The logic of the command accepts an arbitrary set of Notebook Collections, Category, and/or Notebooks. Of which are than piped into concurrent processes where each process executes a single category on notebooks. If the category takes advantage of multiple cores on the machine, build-notebook isn’t written to measure available resources. Its up to the notebooks to know if the CPUs are busy. All memory managment is assumed, managed by a Python Interpreter or Operating System.
Command Line API
nbcollection-ci build-notebooks --collection-names jdat_notebooks -b concurrent -w 4
Either way nbcollection-ci build-notebooks is ran, artifacts will be saved in /tmp/nbcollection-ci-artifacts.
Pull Request
nbcollection-ci pull-request is only used inside a pull request. Chances are the only reason to run locally will be to debug code or problematic behaviour of the program.
The logic of the command accepts an URI as input in the command line. Followed by parsing the URI into a nbcollection datatype called RepoType. Checks to see if the URI passed is a Github Pull Request. Then parse the URI, extracting all the meta-data associated with a Github Pull Request. Next making a call to the Github Pull Request API, learning more about the Pull Request to be tested. It then checks to see which files have been explicitly added within the Github Pull Request, and builds notebooks accordingly.
Command Line API
nbcollection-ci pull-request -u https://github.com/spacetelescope/dat_pyinthesky/pull/139
Site Deployment
nbcollection-ci site-deployment takes care of publishing a in Github Pages. Should be installed into the build machinery of the repository with the -w command from nbcorrection-ci generate-ci-env
The logic of the command, starts by checking to see if a Pull Request was created. If yes, stop running because overriding a published website with a Pull Request would lead to an inconsistent User Experience.
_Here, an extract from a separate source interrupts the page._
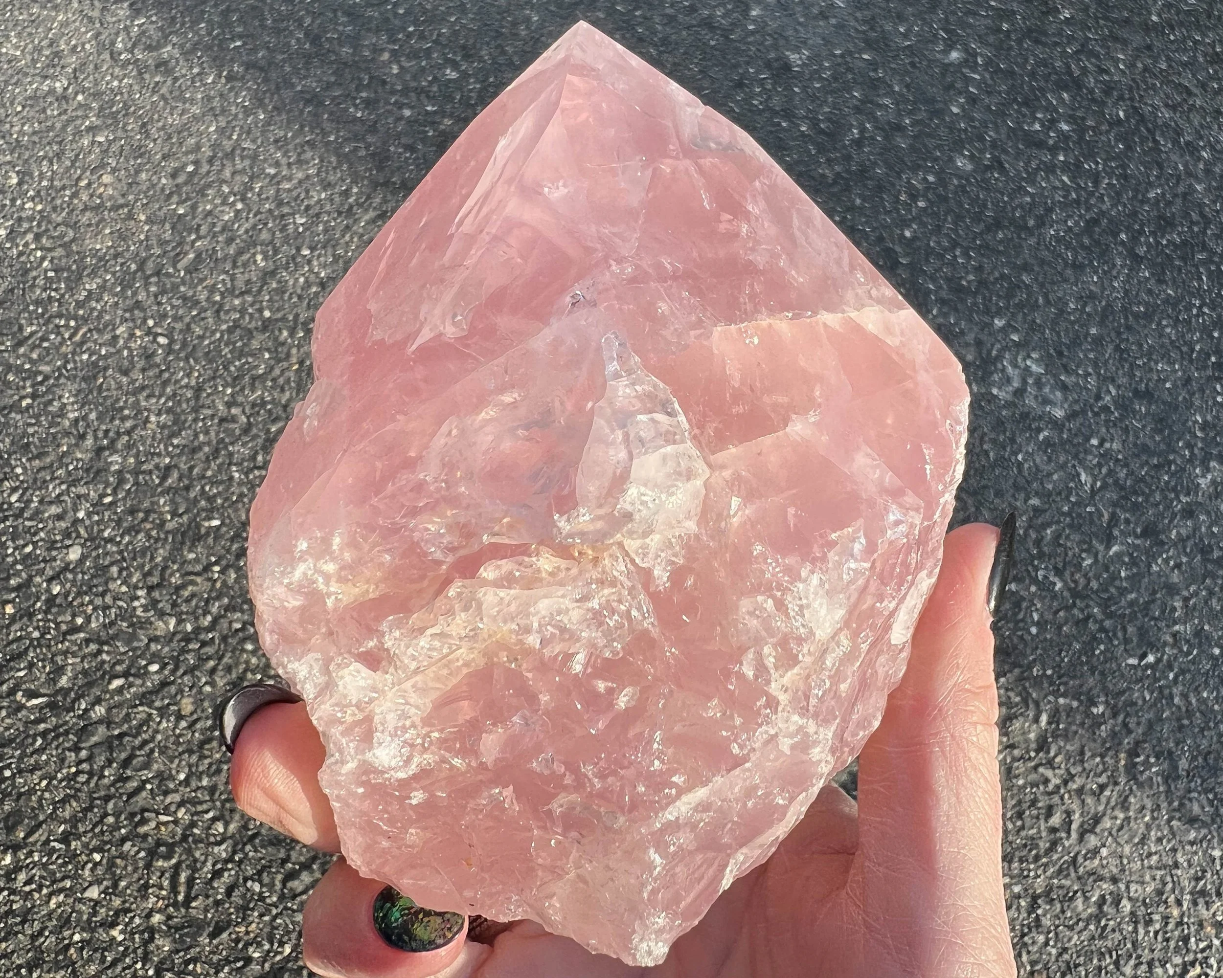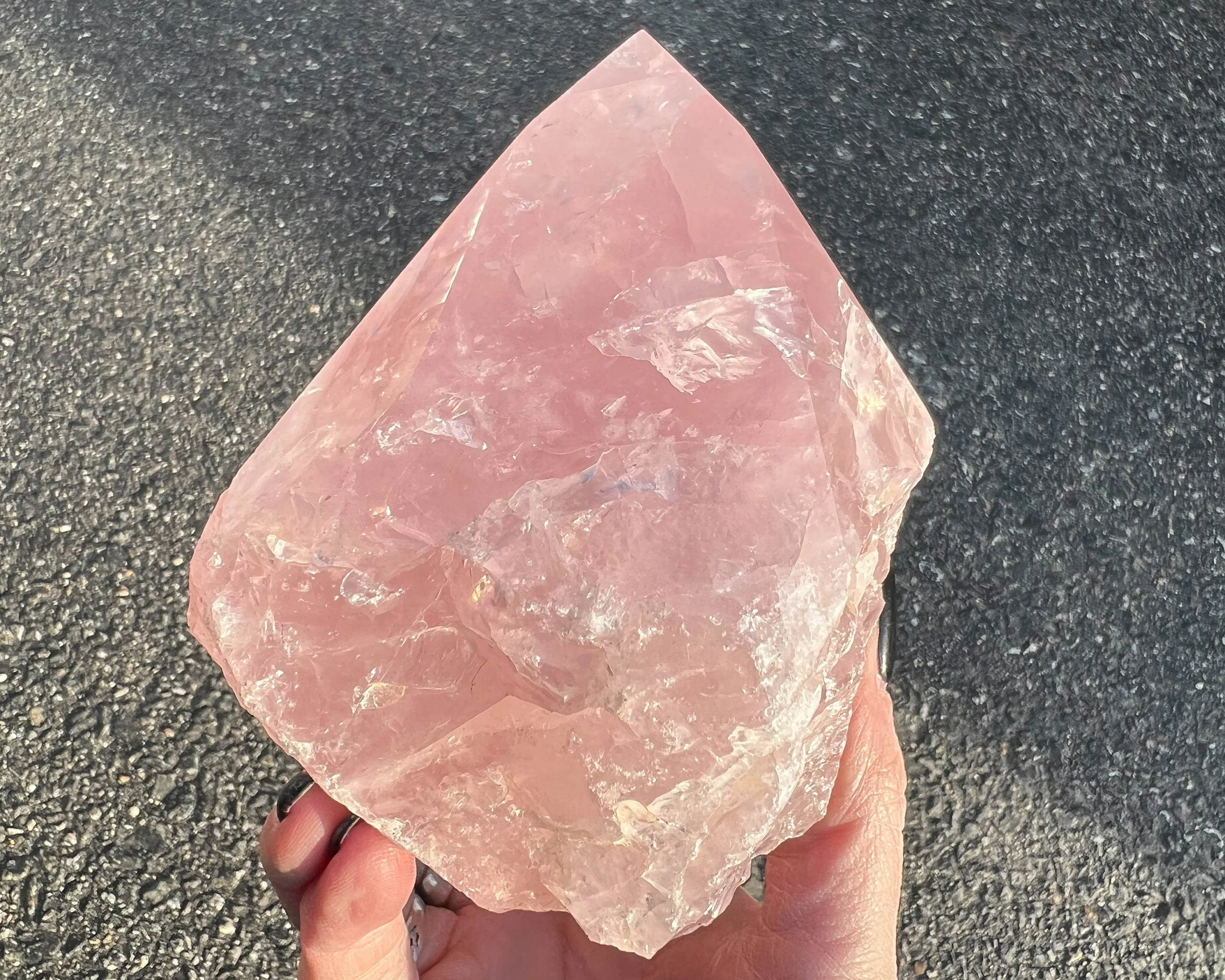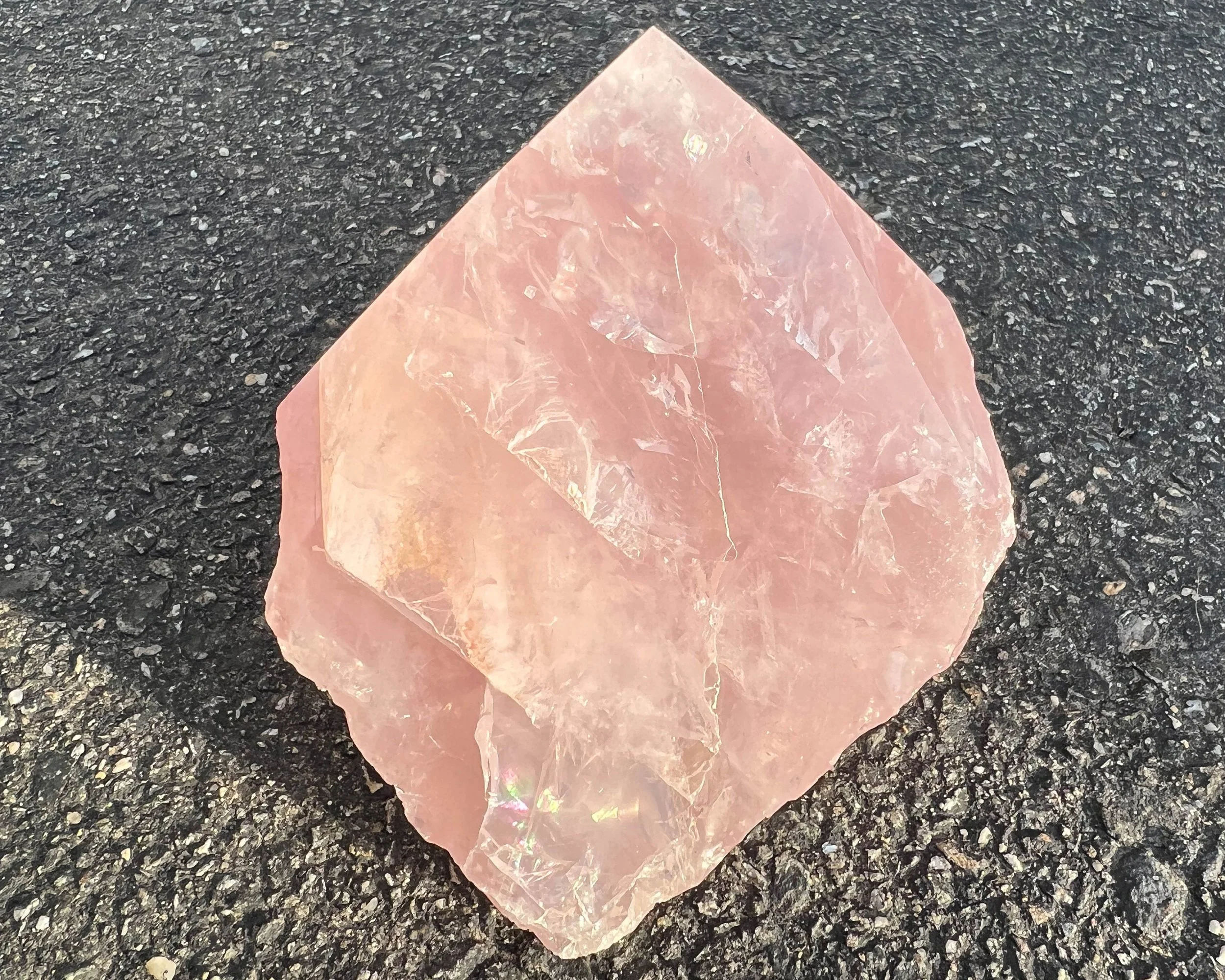 Top Polished Rose Quartz Point with Rainbows, Large Pink Crystal Display Piece, Rough Sides, Home Decor, Birthday Gift for Her, Love, Wife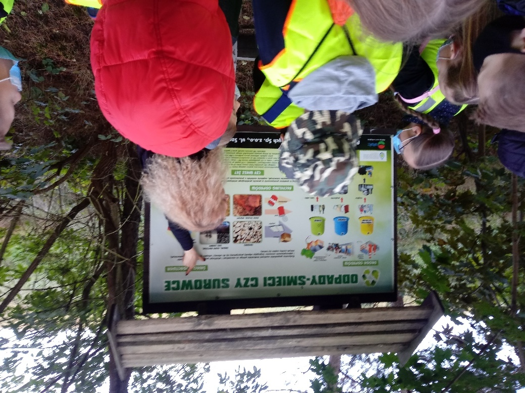 Przemaszerowaliśmy ”Ścieżką Edukacyjną”- segregowanie , składowanie, oraz przetwarzanie odpadów. Dzieci dowiedziały się jak długo rozkładają się śmieci, jakie mamy odpady papierowe, odpady z metali, tworzyw sztucznych, odpady ze szkła i odpady biodegradowalne. Utrwaliły informacje o kompostowniku ,oraz kolory pojemników do jakich powinny trafić odpady, które znalazły się na ich drodze. Podczas odczytywania przez dzieci informacji na poszczególnych tablicach, oraz udzielania prawidłowych odpowiedzi każde dziecko otrzymało odznakę :”Nie śmieć! To nie wypada”, ”Wyrzucaj śmieci do kosza”, oraz książeczkę „Segregacja odpadów”. Zajęcia były bardzo interesujące i pouczające. Zostaliśmy miło przyjęci i w równie ciekawy sposób oprowadzeni po terenie wysypiska. Na koniec zwiedzania wszyscy ładnie podziękowaliśmy paniom za chęć oprowadzenia nas i za cierpliwość .Około godziny 11.30 wróciliśmy autobusem do szkoły. Ta wycieczka bardzo nam się podobała dzięki niej wiele zapamiętamy. Mamy nadzieję, że będzie więcej takich edukacyjnych ofert i wyjazdów.

Through python, the command inspects the .git/config file using GitPython. Checking for a remote which to push to. Then makes a copy of the site/ directory, pushing the published website into a Github Branch.
Command Line API
nbcollection-ci site-deployment -r origin -b gh-pages
Sync Notebooks
nbcollection-ci sync-notebooks provides an automated action to sync notebooks from one repository to the next. Taking in a set of collection and/or categories and copying the notebooks within to a destination folder.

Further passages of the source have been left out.